Oral administration of the Example 4 in tablet form yielded mean C_maxand AUC values approximately 17-19% those of the suspension formulation of Example 4, with relatively low inter-animal variability in exposure (% CV 5-17). Oral administration of the Example 5 “in situ” sorbic acid cocrystal/physical blend tablet yielded mean C_maxand AUC values approximately 52-63% those of the suspension formulation, with higher inter-animal variability in exposure (% CV˜50-60). Oral administration of the Example 5 “in situ” sorbic acid cocrystal/physical blend tablet yielded mean C_maxand AUC values approximately 65% those of the suspension formulation, with comparable or somewhat lower inter-animal variability in exposure (% CV˜30-45) relative to the “in situ” sorbic acid co-crystal formulation.
The foregoing is merely illustrative of the invention and is not intended to limit the invention to the disclosed compounds. Variations and changes, which are obvious to one skilled in the art, are intended to be within the scope and nature of the invention, which are defined, in the appended claims.
From the foregoing description, one skilled in the art can easily ascertain the essential characteristics of this invention, and without departing from the spirit and scope thereof, can make various changes and modifications of the invention to adapt it to various usages and conditions.

Claims

1. A pharmaceutical co-crystal comprising:

an active pharmaceutical ingredient; and

a co-crystal agent having the structure R¹—C(═O)XH, wherein X is O, N(C_1-6alkyl) or NH and R¹is a C_3-8alkyl group containing at least one trans-oriented double bond and being substituted by 0, 1, 2, 3 or 4 groups independently selected from halo, phenyl and hydroxyl.

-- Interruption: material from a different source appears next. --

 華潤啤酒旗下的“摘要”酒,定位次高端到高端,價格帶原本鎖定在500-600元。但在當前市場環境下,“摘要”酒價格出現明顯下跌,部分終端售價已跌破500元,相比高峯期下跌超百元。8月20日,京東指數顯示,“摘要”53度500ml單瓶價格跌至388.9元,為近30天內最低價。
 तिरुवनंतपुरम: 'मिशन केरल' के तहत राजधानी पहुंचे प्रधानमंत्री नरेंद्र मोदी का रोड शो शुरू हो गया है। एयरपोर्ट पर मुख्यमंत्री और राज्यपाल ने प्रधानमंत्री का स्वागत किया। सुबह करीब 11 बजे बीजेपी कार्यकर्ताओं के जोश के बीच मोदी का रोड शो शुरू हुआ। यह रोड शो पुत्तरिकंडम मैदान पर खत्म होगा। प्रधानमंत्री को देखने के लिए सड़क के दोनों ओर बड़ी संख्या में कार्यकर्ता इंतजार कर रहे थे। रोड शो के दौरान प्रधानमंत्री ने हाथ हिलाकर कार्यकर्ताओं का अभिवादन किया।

2. A pharmaceutical co-crystal according to claim 1, wherein the co-crystal agent is selected from sorbic acid, trans-2-hexenoic acid, trans-3-hexenoic acid, trans-4-hexenoic acid, trans-2-butenoic acid, trans-2-pentenoic acid, trans-3-pentenoic acid, trans-2,4-pentadienoic acid.

3. A pharmaceutical co-crystal according to claim 1, wherein the co-crystal agent is sorbic acid.

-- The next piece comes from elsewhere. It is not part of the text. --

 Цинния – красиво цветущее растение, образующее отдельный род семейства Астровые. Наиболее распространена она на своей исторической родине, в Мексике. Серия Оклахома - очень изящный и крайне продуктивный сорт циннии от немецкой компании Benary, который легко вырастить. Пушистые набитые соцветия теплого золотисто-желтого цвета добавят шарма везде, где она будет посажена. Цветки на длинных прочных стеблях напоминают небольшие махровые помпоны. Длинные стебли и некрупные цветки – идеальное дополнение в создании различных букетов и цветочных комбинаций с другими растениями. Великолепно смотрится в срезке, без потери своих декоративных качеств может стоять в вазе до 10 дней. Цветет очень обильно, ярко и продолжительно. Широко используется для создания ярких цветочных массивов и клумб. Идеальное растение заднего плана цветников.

4. A method of manufacturing a pharmaceutical co-crystal according to claim 1, comprising the steps of:

contacting a co-crystal agent with an active pharmaceutical ingredient;

isolating the formed pharmaceutical co-crystal.

5. A method according to claim 4, wherein the contacting occurs with both the co-crystal agent and the active pharmaceutical ingredient dissolved in a solvent.

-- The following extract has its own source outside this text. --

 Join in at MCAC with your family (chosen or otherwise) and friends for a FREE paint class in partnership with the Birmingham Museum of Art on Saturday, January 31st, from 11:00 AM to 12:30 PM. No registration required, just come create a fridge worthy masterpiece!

6. A method according to claim 4, wherein the contacting occurs in a milling device with both the co-crystal agent and the active pharmaceutical ingredient being solids.

7. A method for increasing the bioavailability of an active pharmaceutical ingredient in a mammal comprising the steps of contacting the active pharmaceutical ingredient with a co-crystal agent; and forming a co-crystal comprising the active pharmaceutical ingredient and the co-crystal agent.

8. A pharmaceutical composition comprising:

a co-crystal according to claim 1; and

a pharmaceutically-acceptable carrier or diluent.